The story of Job always bugged me a bit. Though it really fits with human psychology; in extreme cases, a person with strong beliefs will actually feel more strongly about said belief if things go badly. Just look at the Seventh Day Adventist church; it spawned after their founder told his followers the end of the world would come soon on multiple occasions (he was wrong each time).
Another case of this phenomenon, albeit a bit more light hearted, is the story behind “Audience of One.” To quote the synopsis:
“Ten years ago, a Pastor from the Voice of Pentecost Church in San Francisco received a ‘prophetic whisper,’ -a directive from God to make movies for the Lord. Using donations from his congregation, he slowly transformed his church into a fully functioning movie studio and the production company Christian WYSIWYG Filmworks was born. After experimenting on a number of small projects, Pastor Richard Gazowsky announced that he and his WYSIWYG crew were going to make a film entitled, GRAVITY: THE SHADOW OF JOSEPH, a $50 million biblical science fiction movie that would redefine the Hollywood epic.

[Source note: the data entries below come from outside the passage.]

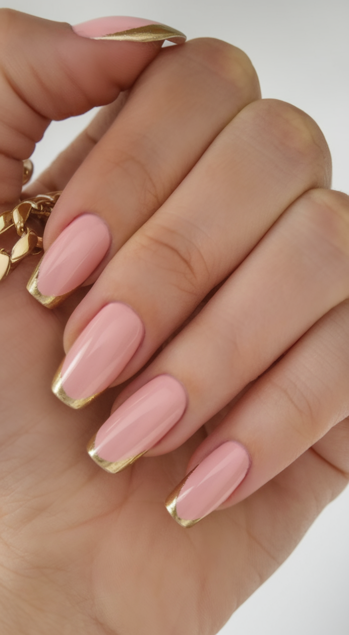 #7 Minimalist Gold Striped Tips for Subtle Elegance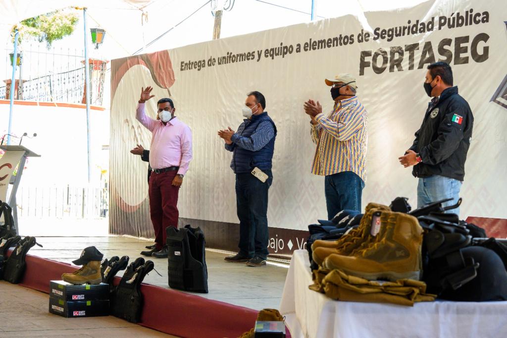 - Se entregaron 600 uniformes completos de la más alta calidad para salvaguardar la integridad física de quienes tienen bajo su responsabilidad la seguridad de la población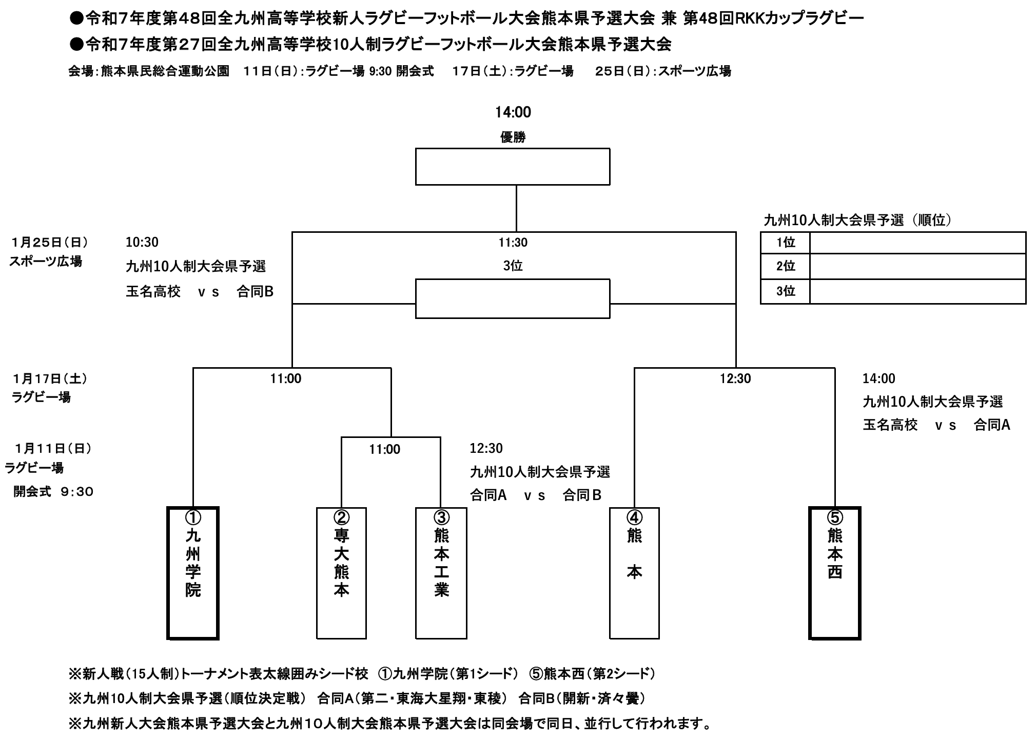 令和7年度 第48回全九州高等学校新人ラグビーフットボール大会熊本県予選大会の組み合わせが決まりました。 ご関係者の皆様(関係ない方も)ふるって応援お願いいたします。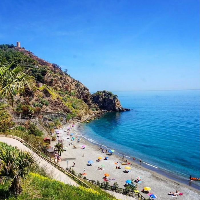Playa de Maro nalazi se kod Nerje, otprilike 50 kilometara istočno od Malage, i to je već druga priča. More je osjetno čišće, boja ide prema tirkiznoj, a iza vas su stijene i priroda, a ne gradska zgrada i šetnica. Ovo je plaža gdje stvarno poželite ostati cijeli dan, a ne samo prošetati uz more.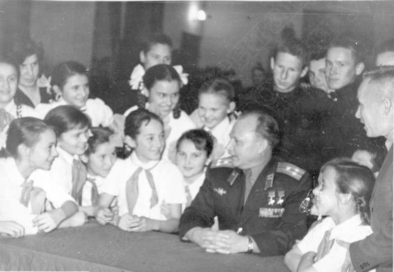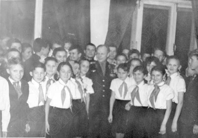 —//— | Кунгурцев Евгений Максимович, полковник, дважды Герой Советского Союза на встрече со школьниками. Снимок 1 | ~1960 г. | позитив, фотобумага, удовлетворительное | |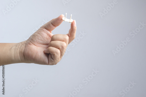 Hand holding safety plugs

AUDIENCE OF ONE is a documentary that chronicles the making of GRAVITY. This verite style film goes inside a Pentecostal church, where the charismatic Gazowsky leads his loyal cast and crew on an incredible journey that tests the limits of faith. From pre-production at their church, to shooting principal photography in Italy, to leasing an enormous studio on an island in San Francisco Bay, AUDIENCE OF ONE keeps pace with an embattled church production that looks to God in order to keep their dream alive. Full of humor and pathos, what transpires is a story of obsession, faith and delusion.”